THE TASK = Reproduce the listing in full, pictures excluded.
START SOURCE MATERIAL
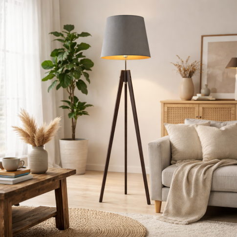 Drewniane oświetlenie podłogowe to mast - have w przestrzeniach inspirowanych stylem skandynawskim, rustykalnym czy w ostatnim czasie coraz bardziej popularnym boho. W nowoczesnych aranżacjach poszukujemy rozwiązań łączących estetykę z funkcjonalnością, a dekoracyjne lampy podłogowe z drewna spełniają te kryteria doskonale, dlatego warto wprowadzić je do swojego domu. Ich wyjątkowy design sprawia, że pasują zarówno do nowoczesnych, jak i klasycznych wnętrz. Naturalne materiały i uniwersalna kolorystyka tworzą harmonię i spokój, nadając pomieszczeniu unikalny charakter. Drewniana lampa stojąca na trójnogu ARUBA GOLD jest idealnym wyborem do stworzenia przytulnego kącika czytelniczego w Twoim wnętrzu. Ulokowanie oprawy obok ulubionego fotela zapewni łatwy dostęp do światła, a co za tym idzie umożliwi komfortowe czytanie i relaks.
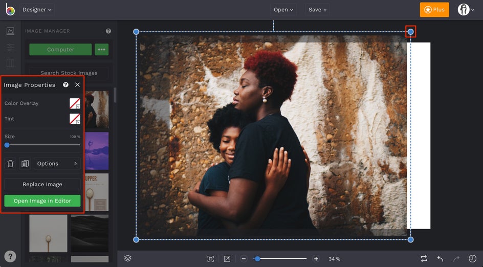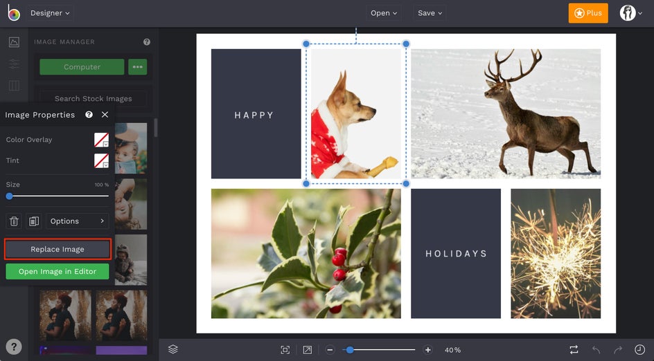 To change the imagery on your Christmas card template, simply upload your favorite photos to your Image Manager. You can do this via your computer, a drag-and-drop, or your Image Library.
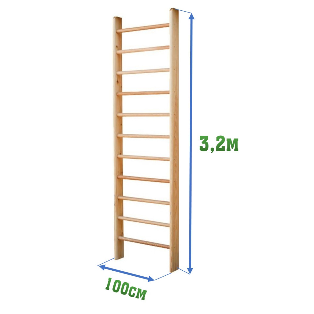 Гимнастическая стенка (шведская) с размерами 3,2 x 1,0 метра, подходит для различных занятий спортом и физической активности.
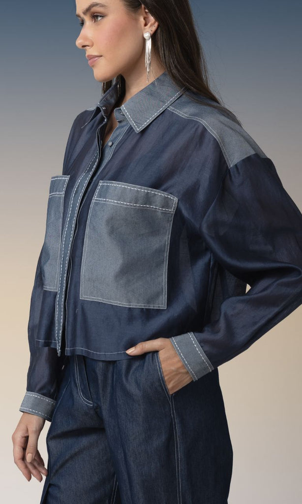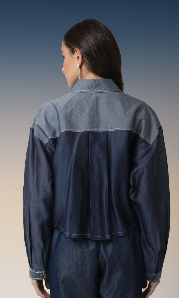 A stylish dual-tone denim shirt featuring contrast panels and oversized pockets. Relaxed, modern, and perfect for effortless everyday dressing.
END SOURCE MATERIAL
OUTPUT OF THE TASK =
 Drewniane oświetlenie podłogowe to mast - have w przestrzeniach inspirowanych stylem skandynawskim, rustykalnym czy w ostatnim czasie coraz bardziej popularnym boho. W nowoczesnych aranżacjach poszukujemy rozwiązań łączących estetykę z funkcjonalnością, a dekoracyjne lampy podłogowe z drewna spełniają te kryteria doskonale, dlatego warto wprowadzić je do swojego domu. Ich wyjątkowy design sprawia, że pasują zarówno do nowoczesnych, jak i klasycznych wnętrz. Naturalne materiały i uniwersalna kolorystyka tworzą harmonię i spokój, nadając pomieszczeniu unikalny charakter. Drewniana lampa stojąca na trójnogu ARUBA GOLD jest idealnym wyborem do stworzenia przytulnego kącika czytelniczego w Twoim wnętrzu. Ulokowanie oprawy obok ulubionego fotela zapewni łatwy dostęp do światła, a co za tym idzie umożliwi komfortowe czytanie i relaks.
 To change the imagery on your Christmas card template, simply upload your favorite photos to your Image Manager. You can do this via your computer, a drag-and-drop, or your Image Library.
 Гимнастическая стенка (шведская) с размерами 3,2 x 1,0 метра, подходит для различных занятий спортом и физической активности.
 A stylish dual-tone denim shirt featuring contrast panels and oversized pockets. Relaxed, modern, and perfect for effortless everyday dressing.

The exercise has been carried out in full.